На стройке люди пели и ругались. Они пели потому, что им хотелось счастья, и они вязли в грязи. Земля как будто задумала проглотить людей. Проваливаясь в желтую глину, строители ругмя ругали и товарищей, и стройку, и весну.
Землекопы нашли скелет мамонта. Он был древен, как мир. Увидев находку, Колька вспомнил, как Смолин говорил: «Мы строим гигант». Ему стало весело и страшно. В его голове прошлое смешивалось с будущим. Жизнь казалась ему непрерывной, и эта жизнь была полна чудес.
Землекопы нашли скелет мамонта. Рабочие возле Томи нашли цветы: первоцветы, одуванчики, куриную слепоту. Переселенец Яшка Крючков вспомнил заливные луга возле своей деревни, и он сердито отвернулся от цветов. Комсомолки в выходной пошли на реку. Они визжали, аукали, а Груша Тренева сплела всем веночки.

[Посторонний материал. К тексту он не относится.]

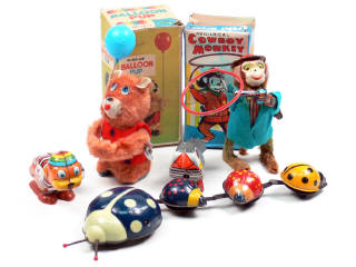 états de 'A' à 'C' - comprend 2 singes, un ours, une coccinelle & un oiseau - on y retrouve notamment les marques : FUJI PRESS KOGYOSHO, LEHMANN, YONE & K - tous les modèles fonctionnent dont 2 avec boîte
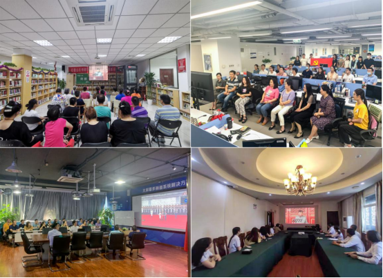 华录集团组织全体党员干部在北京大厦会议室、大连大厦报告厅、各单位会场、工作现场等地收看庆祝中国共产党成立100周年大会,并认真聆听习近平总书记重要讲话。集团公司党委书记、董事长欧黎及领导班子成员、集团总部全体党员、各级单位领导班子及党员干部员工共计2352人通过集中观看等形式进行收看学习,赓续红色血脉,共庆百年华诞。
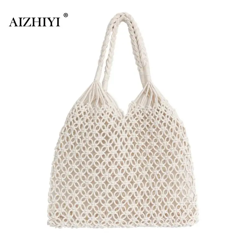 シンプルな女性中空アウトメッシュバケツショルダーバッグ夏ビーチ綿ロープ織ハンドバッグトート
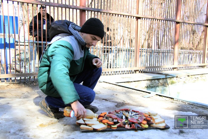 С раннего утра повара готовили лакомство для белого обитателя зоопарка. Когда его выпустили в основной вольер, медведя уже поджидал вкусный обед. Как рассказал заведующий секцией хищных млекопитающих Сергей Эйхвальд, в день медведь потребляет 6,5 килограмма говядины, 5 килограммов рыбы, 2 буханки хлеба и 300 граммов рыбьего жира. Один день в неделю - у них разгрузочный день.
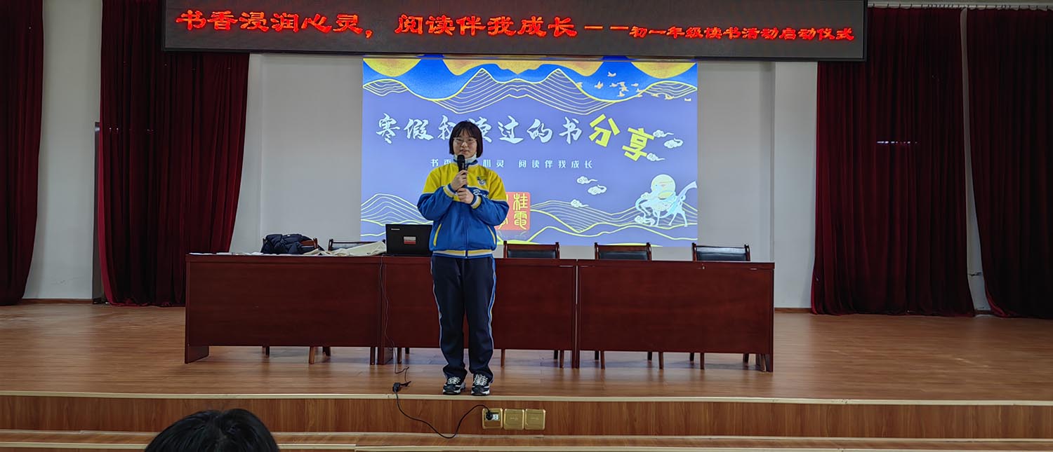 书香浸润心灵 阅读伴我成长——桂电中学初一年级“爱上阅读”主题活动启动仪式时间:[2023-02-24] 来源:初一年级组 点击数:75
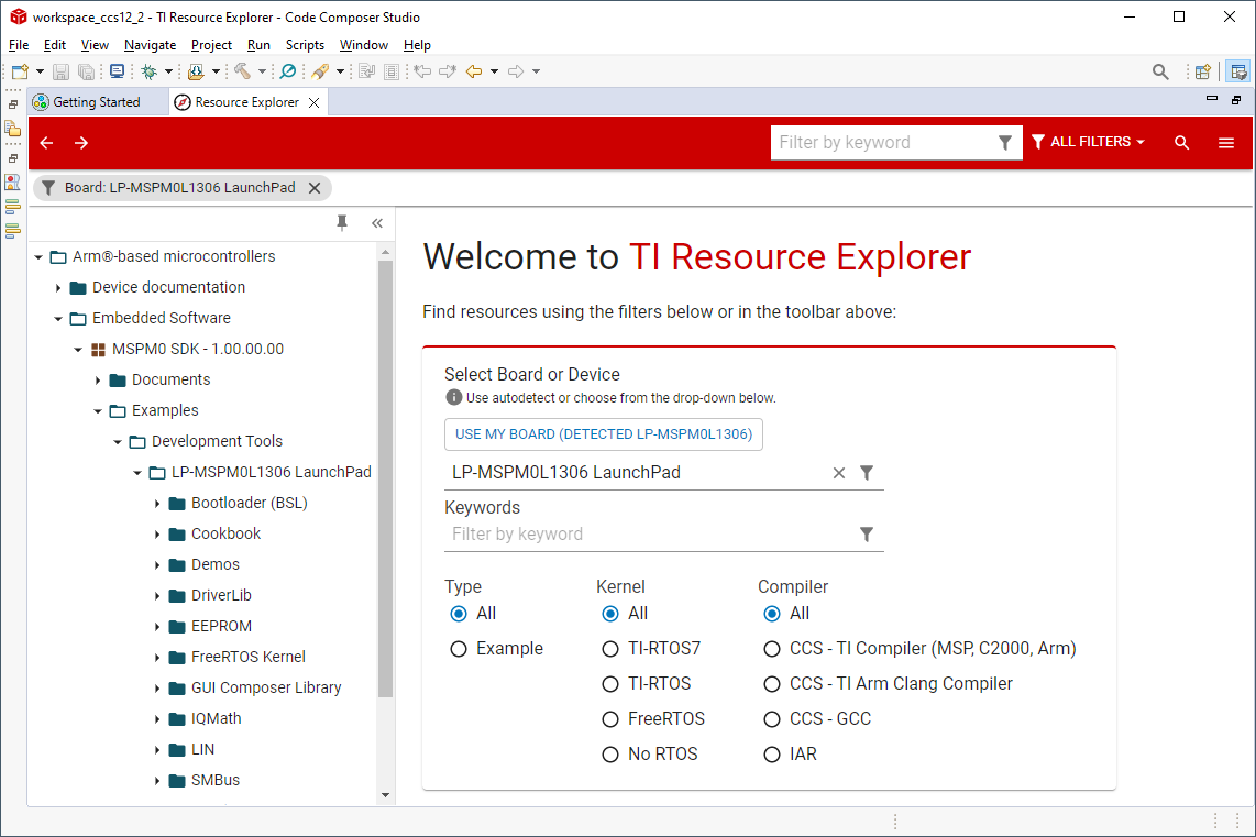Use the integrated search to filter by LaunchPad (i.e. LP-MSPM0L) device (i.e. MSPM0L), middleware (i.e. DriverLib), or solution (i.e. LIN). Note that TI-Rex will automatically detect a connected LaunchPad.

Зимой на стройке любовь была бессловесной и тяжелой. Ванька Мятлев как-то привел в барак смешливую Нюту. Нюта не смеялась. Она робко глядела на спящих людей. Сосед Ваньки, рыжий Камков, не спал. Он почесывал голый живот и сквернословил. Ванька боялся, что Нюта уйдет, и шепотом приговаривал: «Только на четверть часика!» Потом Ванька прикрыл их головы пиджаком. Они не могли запрятать свою любовь от людей, но они прятали свои глаза. Это было воспоминанием о стыде. Сильней стыда была страсть. Ванька сказал: «А теперь тебе пора домой!» Нюта закуталась в овчину и убежала.
На постройке ГРЭСа, возле чадных жаровен по ночам скрещивались руки, спецовки, юбки и сапоги. Люди любили жадно и молча. Вокруг них была жестокая зима. Они строили гигант. Они хлебали пустые щи. Они не знали ни нежности, ни покоя.
Весна была шумлива, и она сразу потребовала слов. Люди заверещали, как птицы. Весна раскрывала людям глаза. Люди щурились, но глядели. Парни уводили девушек за реку. Там щекотала щеки трава, и по ночам там кричали совы. Ванька Мятлев увидел грудь Нюты. Грудь у нее была крутая и смуглая. Ванька хотел пошутить, но осекся. Его лицо стало светлым и сосредоточенным. Он тихо сказал: «Ты, Нюта, красивая».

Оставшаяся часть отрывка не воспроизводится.